■ DESCRIPTION OF THE TASK ■
Among the lines of the records below, count those with the word "Tags". Reply with that number alone.

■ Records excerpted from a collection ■
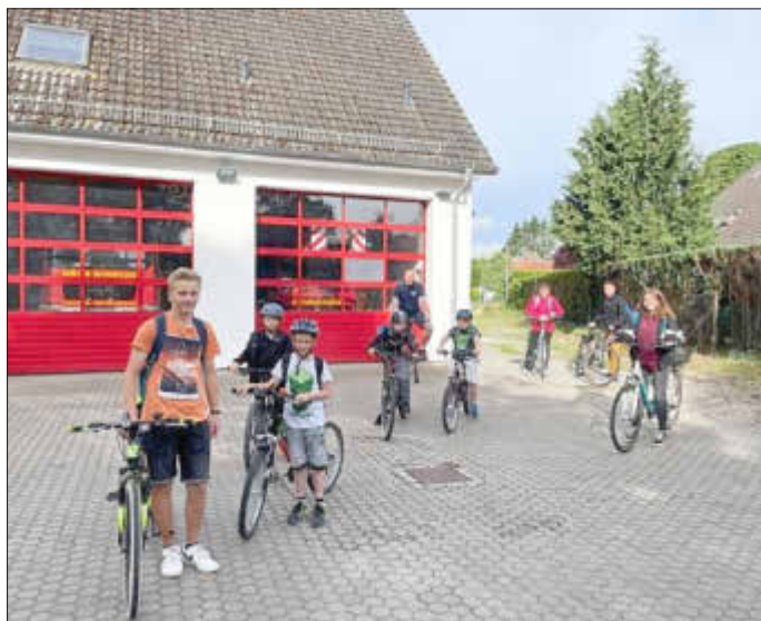
Start zur Fahrradtour

Unsere First Responder überbrückten in dieser Saison in vielen Einsätzen das therapiefreie Intervall bis zum Eintreffen des Regelrettungsdienstes und dessen Notärzten. Insgesamt rückte unsere Einheit zu mehr als 75 Einsätzen aus, wovon mehrere
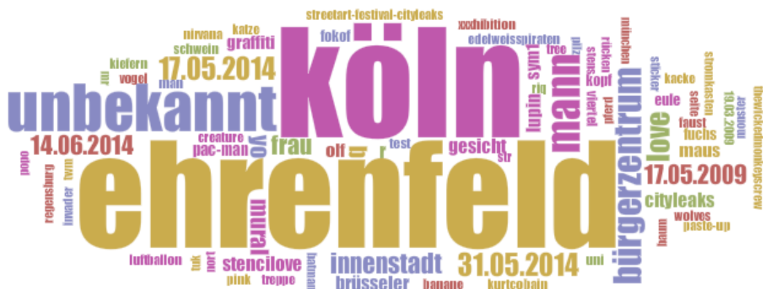
Abbildung 4: Wordcloud der vergebenen Hashtags. Die 5 häufigsten Tags sind dabei ehrenfeld (66), köln (66), unbekannt (19), mann (11) und bürgerzentrum (10).

Von den 475 Bildern wurden in den letzten 7 Monaten 35 von Nutzern als „nicht mehr vorhanden“ gemeldet. Alle Bilder zusammen wurden insgesamt 23.330 mal betrachtet. Außerdem wurden insgesamt 892 Tags (522 unique tags ) vergeben, deren Hauptfunktion die Beschreibung des Orts (Köln, Ehrenfeld, Jugendzentrum, etc.), des Datums , des Künstlers (stencilove, riq, unbekannt, etc.), der Streetart-Kategorie (paste-ups, graffiti, etc.) oder aber des Inhalts bzw. des Motivs (Katze, Banane, Kurt Cobain, etc.) ist (vgl. Abb. 4).
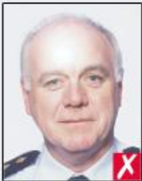
flash reflection on skin
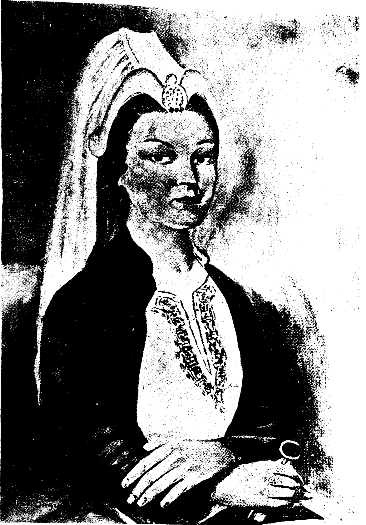
Resim : 1 — Kanuni Sultan Süleyman'ın annesi, Hafza Sultan.
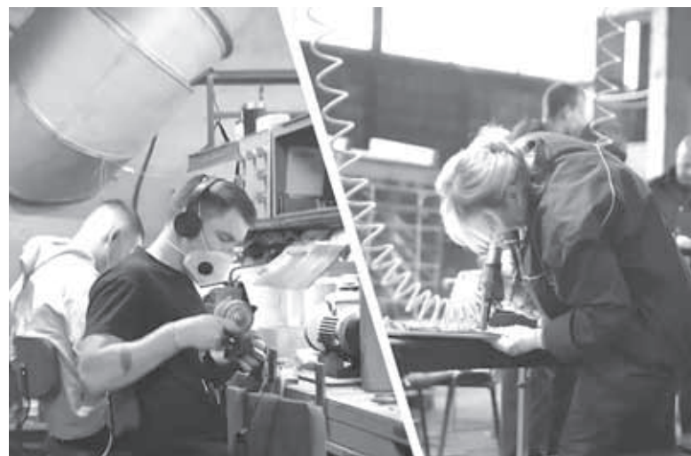
Харківська компанія «Сталекс» дала роботу 150 вінничанам. На «УКпостачі» працюють близько 125 людей з нашого міста

— Адже ми розуміємо, що через бойові дії не завжди є можливість забрати з собою не тільки виробничі потужності підприємств, а й автентичні документи, — сказав заступник мера.
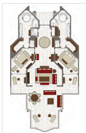
Suite Crystal Rock, Suite Coin de Mire, Suite îlot Gabriel
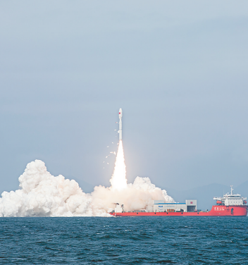
图为2月3日广东阳江附近海域发射现场。

新华社广东阳江2月3日电(杨晓敏 李豪)2月3日11时06分，我国太原卫星发射中心在广东阳江附近海域使用捷龙三号运载火箭，成功将DRO-L星、智星二号A星、东方慧眼高分01星、威海壹号01-02星、星时代-18-20星以及NEXSAT-1星等9颗卫星发射升空，卫星顺利进入预定轨道，发射任务获得圆满成功。
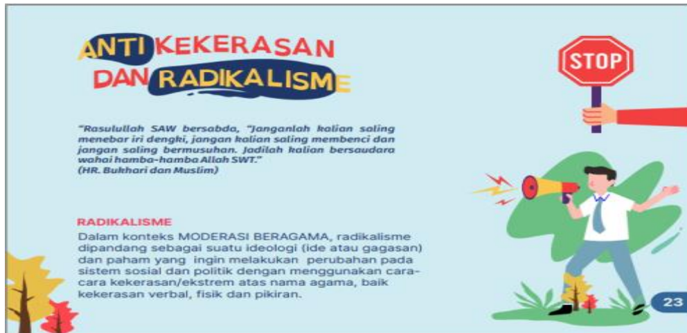
Gambar 14. Draf II Desain Anti Kekerasan & Radikalisme

Berikut adalah beberapa contoh revisi produk tahap II.
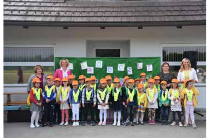
Učenci 1. b razreda.
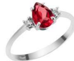
Art. ARG750 Rubino ct. 0,75 Diam. ct.0,04 Gold 18 kt. gr. 2,10
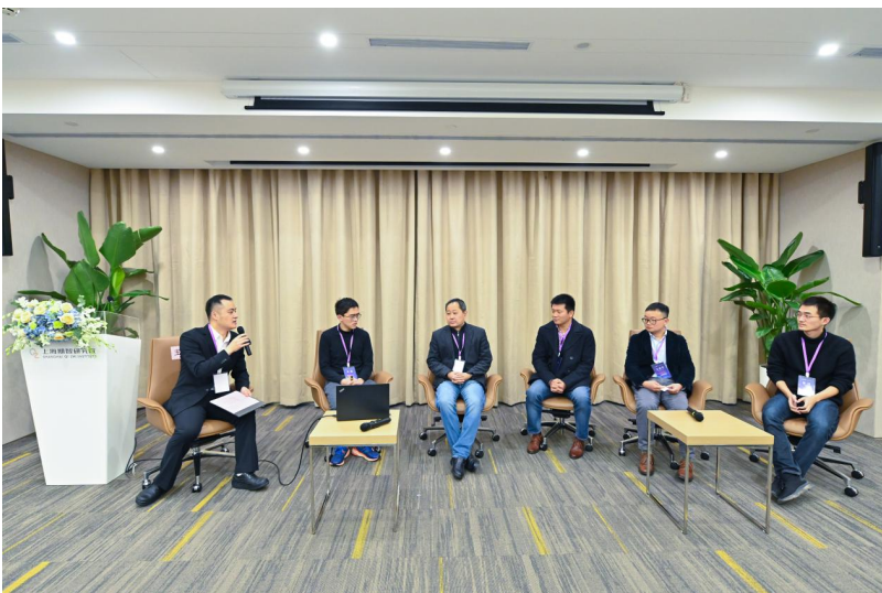
“大数据、人工智能与环境政策评估”圆桌论坛
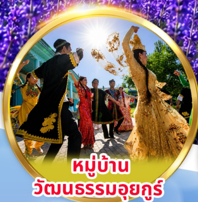
หมู่บ้าน วัฒนธรรมอูยกูร์

พิเศษ นั่งรถม้า + ชิมไอศกรีมอูยกูร์ ชมการแสดง
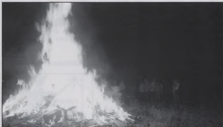
Una foguera de Sant Hilari
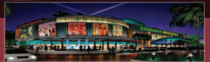
Corner of Gandamar Road & Waizayantar Road, Mayangone Township, Yangon. Tel : 01 657 834
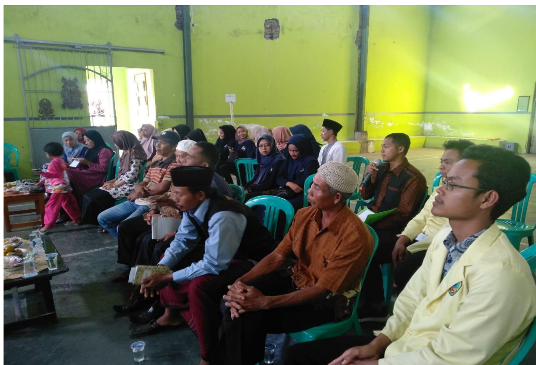
Gambar 03 : Kegiatan Sosialisasi
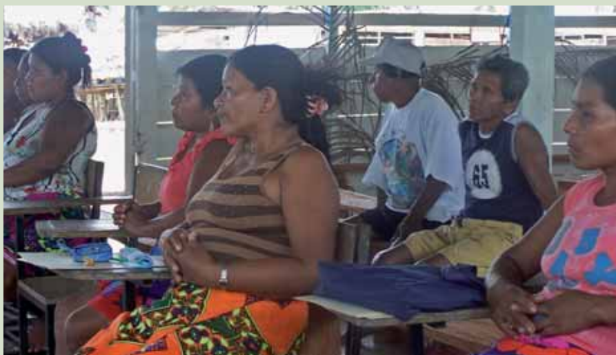
Taller en Panamá.

■ ANSWER BOX ■
2